We also wrote another Lambda function responsible for sending “fail” emails. In some cases, the automation failed to modify the EBS volume. Some of these failures were by design (for example, certain systems were excluded from the automation). Some were due to other factors (for example, a drive that gets modified but then fills up again within that 6-hour window). Be sure to alert system administrators of any failures, so that they can be addressed.

Orchestrate the Lambda functions with AWS Step

As mentioned earlier, you must execute the steps listed previously in a specific order. Because Lambda is stateless, you need an approach to pass states between the various Lambda functions. The natural solution is AWS Step Functions, which provides the ability to build a state machine to orchestrate several Lambda functions. Our solution used a complex state machine that starts executing the steps mentioned earlier once it is triggered by the invoker Lambda function.

The order and workflow of tasks can vary greatly depending on your particular environment or needs. Step Functions gives you the ability to implement choice states and wait states, as well as complex branching and error handling. The following diagram shows the visual workflow of a successful execution of the state machine.

Visual Workflow of a successful execution of the state machine built with AWS step functions to orchestrate several Lambda functions.

Considerations

As mentioned earlier, the goal of this solution is to avoid outages, but note that it does not resolve the actual cause of high disk utilization of provisioned capacity. Also note that ignoring the root cause might lead to additional storage costs because your volumes continue to expand automatically.

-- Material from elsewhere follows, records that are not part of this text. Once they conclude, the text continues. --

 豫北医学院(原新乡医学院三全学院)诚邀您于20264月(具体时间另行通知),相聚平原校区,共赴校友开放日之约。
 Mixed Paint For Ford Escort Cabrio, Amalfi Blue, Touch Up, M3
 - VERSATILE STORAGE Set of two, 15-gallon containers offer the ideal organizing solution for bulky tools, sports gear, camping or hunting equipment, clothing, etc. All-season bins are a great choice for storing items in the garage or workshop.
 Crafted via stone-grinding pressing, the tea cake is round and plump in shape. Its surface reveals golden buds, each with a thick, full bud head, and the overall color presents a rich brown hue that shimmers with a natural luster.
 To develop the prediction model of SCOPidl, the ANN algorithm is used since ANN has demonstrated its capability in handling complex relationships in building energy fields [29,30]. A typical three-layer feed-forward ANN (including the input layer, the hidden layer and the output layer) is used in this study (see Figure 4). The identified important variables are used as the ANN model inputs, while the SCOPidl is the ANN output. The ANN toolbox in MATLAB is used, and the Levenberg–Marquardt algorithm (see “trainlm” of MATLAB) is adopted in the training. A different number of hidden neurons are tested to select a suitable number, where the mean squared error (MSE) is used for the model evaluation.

After running this automation for a few months, we noted the following important considerations:

Make sure that notifications are correctly sent and received by system administrators.
Have a process in place to investigate high-volume utilization of provisioned capacity, particularly the extreme cases.
While expanding an EBS volume is possible, reducing the size of an EBS volume requires additional steps. Adding steps such as taking a snapshot of the volume and migrating the data to a new volume also add considerable complexity.
An EBS volume cannot be modified more than once within a six-hour window. If something were to cause the automation to be triggered multiple times within that timeframe, it would fail in subsequent attempts.

Conclusion

In this post, you learned how to expand EBS volumes proactively, and the benefits gained from automating this process. You also viewed our Infor end-to-end approach using existing AWS tools and services. Remember to delete example resources created while following along if they are no longer needed, to avoid incurring any future costs.

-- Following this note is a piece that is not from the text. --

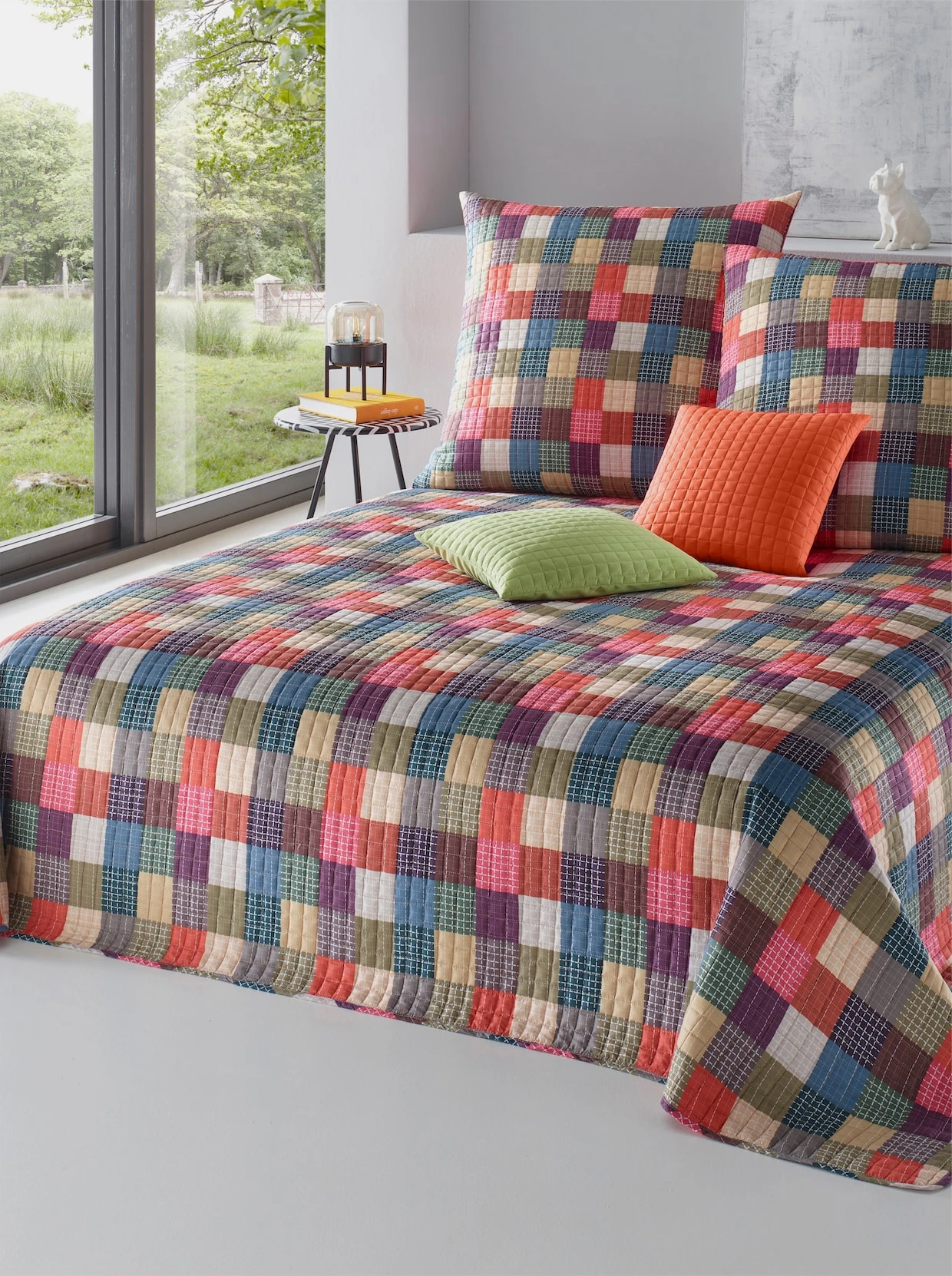 Tagesdecke Digitaldruck. Leicht wattiert. Aufwendige Steppung in Kästchen-Optik. Kissenhüllen mit Reißverschluss. Maßinfos im Internet.

Depending on how diverse your EC2 environment is, you might experience a few failures. Most of the failures we came across were during the file system extension step, where scripts failed to run on older operating systems or non-standard configurations. However, those failures were rare.

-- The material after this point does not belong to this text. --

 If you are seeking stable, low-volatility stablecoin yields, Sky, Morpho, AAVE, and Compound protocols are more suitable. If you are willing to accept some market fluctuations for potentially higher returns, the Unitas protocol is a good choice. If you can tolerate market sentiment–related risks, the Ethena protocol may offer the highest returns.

This automation allowed Infor to provision storage in a leaner way. Instead of over-provisioning, we can rely on this automation to automatically add additional EBS capacity as needed.

While conducting a recent review, we discovered that the automation successfully ran about 450 times in one month in our fleet of about 15,000 EC2 instances. It takes anywhere from 15 to 30 minutes for an engineer to manually provision additional EBS storage and extend it on the OS. Therefore, we estimate that in one month alone, we saved between 100 and 200 staff-hours, and at least 5–10 potential customer outages.

Since implementing this automation at Infor, we have eliminated provisioned capacity exhaustion outages and performance issues. We have also been able to significantly reduce the time and effort that engineers and system administrators spend on provisioning additional EBS storage where it is legitimately needed.

The content and opinions in this post are those of the third-party author and AWS is not responsible for the content or accuracy of this post.